Posted: Sun Dec 09, 2018 7:21 pm
The formula only works for kinetic energy because kinetic energy is the only energy that is directly proportional to the mass of the object and to the square of its velocity

### Re: Kinetic energy

Posted: Sat Jun 29, 2019 12:13 pm
Light hits a sodium metal surface and the velocity of the ejected electron is 6.61 x 105 m.s-1. The work function for sodium is 150.6 kJ.mol-1.

What is the kinetic energy of the ejected electron?
A. 3.01 x 1025 J

B. 3.98 x 10-19 J

C. 7.96 x 10-19 J

D. 1.99 x 10-19 J

E. None of the above

How would you go about solving this problem?

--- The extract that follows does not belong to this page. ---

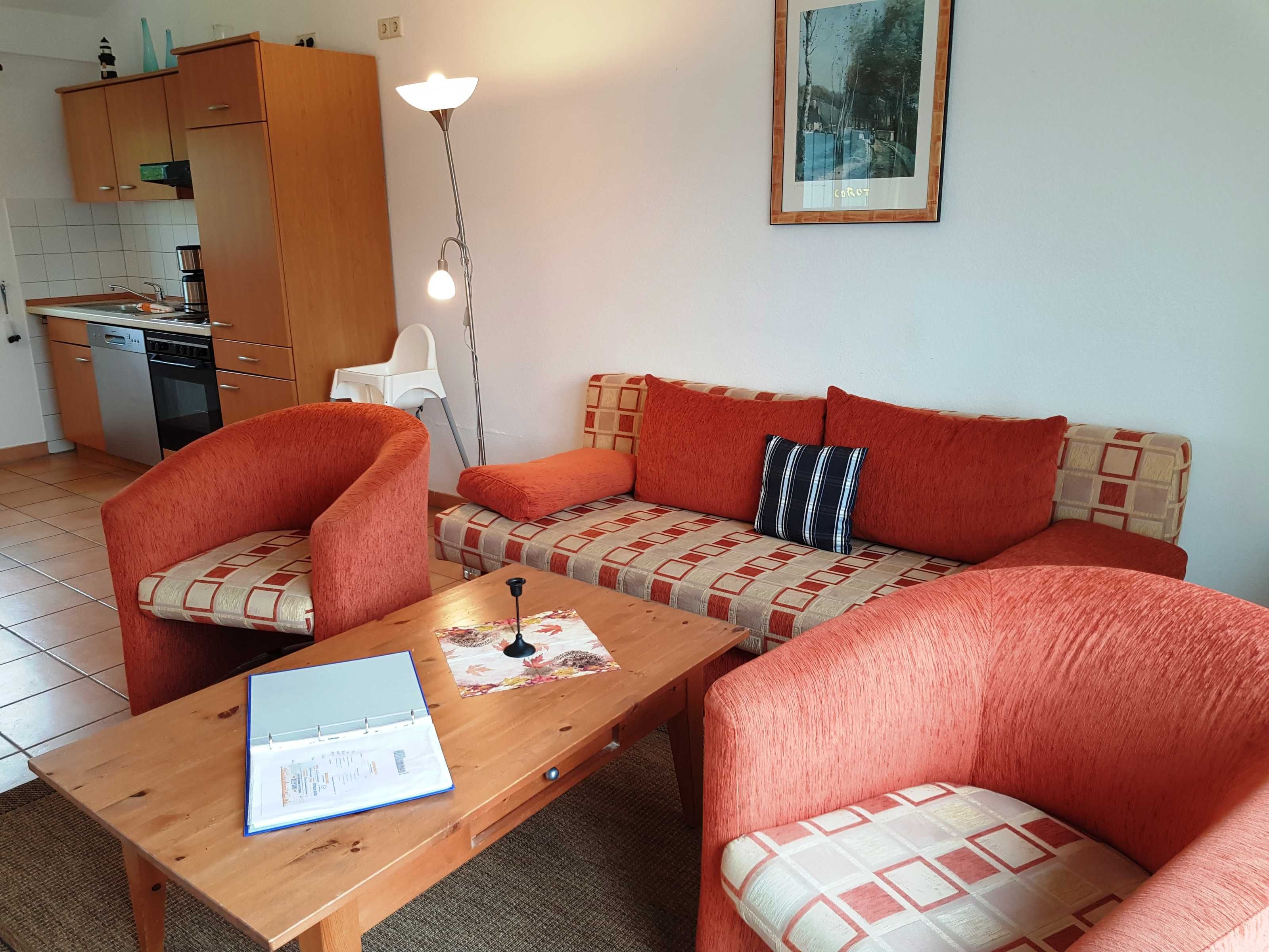 Bei diesem Appartement handelt es sich um ein Zweiraumappartement mit ca. 65 m² Wohnfläche und 2 dachterrassen. Die Nichtraucherwohnung verfügt über ein Wohnzimmer mit TV , einer Schlafcouch für 2 Personen, eine sehr gut ausgestattete Küchenzeile im Wohnbereich mit Backofen und Geschirrspüler, ein Duschbad, und ein Schlafzimmer mit einem Doppelbett.

I know you would use the Ek=1/2mv^2 formula, but I don't know what the mass would be. Someone please help.

### Re: Kinetic energy

Posted: Sat Jun 29, 2019 1:40 pm
Nevermind, I figured it out. It's the mass of the electron, right?

### Re: Kinetic energy

Posted: Tue Jul 02, 2019 11:12 am
In my opinion, this formula is only for the kinetic energy, or sometimes the electron doesn't have kinetic energy.